For production code though, we need to make sure this does not delay user-facing things. Indeed, the inspector might be displayed and partly interactive even though some more requests are ongoing. These requests might be for non-vital features, such as saving the unique selector for the current node.

Your patch looks good to me, right now we don't seem to be waiting for more than we need.

As discussed, there's one user-facing scenario that might suffer a bit from this: when clicking on a DOM node in the console output to select it in the inspector (and if the inspector was not open yet). We will now have to wait for the rule-view to be done initializing before switching to the inspector. 
Is this a problem? I'm not sure. And if it's too slow, we should optimize the inspector, not remove this step. Indeed, the rule-view is the most important part of the inspector, so waiting for it to be ready seems logical.

::: devtools/client/inspector/inspector.js:287
(Diff revision 1)
> +      let onMarkupViewUpdated = this.once("inspector-updated");
> -          this.selection.setNodeFront(defaultSelection, "inspector-open");
> +      this.selection.setNodeFront(defaultSelection, "inspector-open");
> -          this.markup.expandNode(this.selection.nodeFront);
> +      await onMarkupViewUpdated;

As discussed, "inspector-updated" is in fact delayed by the init of the rule-view (and possibly other sidebar panels). So waiting for this event in fact also waits for the rule-view, not just the markup-view.

If the goal here is to make sure open only resolves when everything is ready, then we do need to wait for the rule-view.

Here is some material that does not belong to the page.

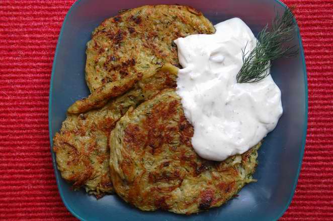 Hier gab es Zucchinipuffer (Zucchini, Kartoffeln, Dill, Ei, Petersilie, Mehl) mit Gyroscreme.
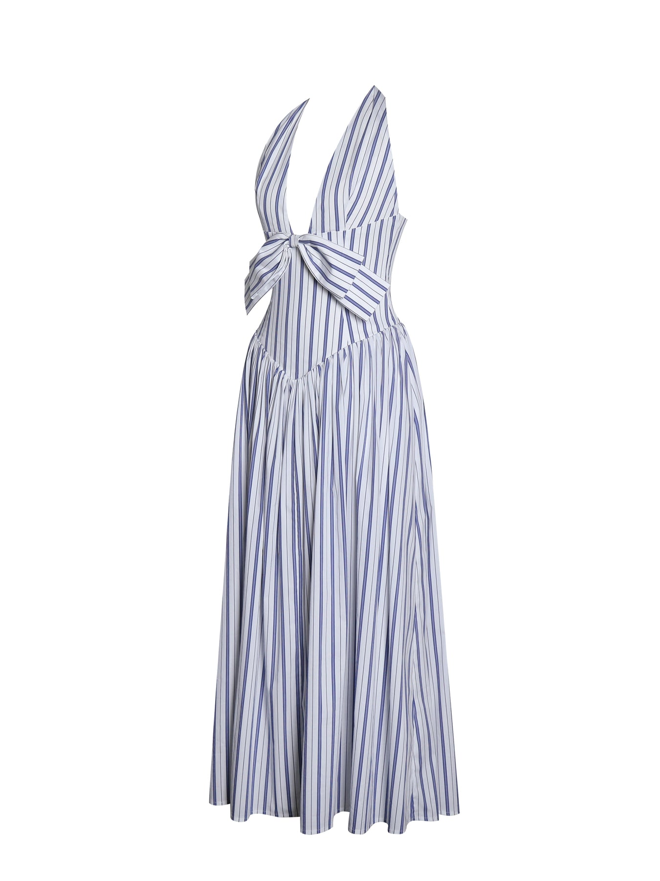 Breeze through your holiday in effortless elegance with the Mackenna Dress. Designed in a classic navy beach-style stripe, this maxi dress channels relaxed vacation vibes with a polished twist. The halter neckline adds a touch of sophistication, while the smocked back and invisible zipper ensure a comfortable and flattering fit. A drop waist flows into a graceful silhouette, complete with invisible pockets for added functionality. Whether you're strolling along the coast or dining under the stars, the Mackenna Dress is your go-to piece for vacation-ready style.

The markup-view, in a way, is "just" a navigation tool for the inspector, while the rule-view is where most of the work happens.
It can also take a long time to load when there are many rules, so better measure it too (like we do here).
Attachment #8904238 - Flags: review?(pbrosset) → review+
Assignee: nobody → poirot.alex
Yes, it may delay some action, but hopefully bug 1378418 is going to make everything faster.
If this additional delay reveal any issue I imagine we should come up with more than one loading state.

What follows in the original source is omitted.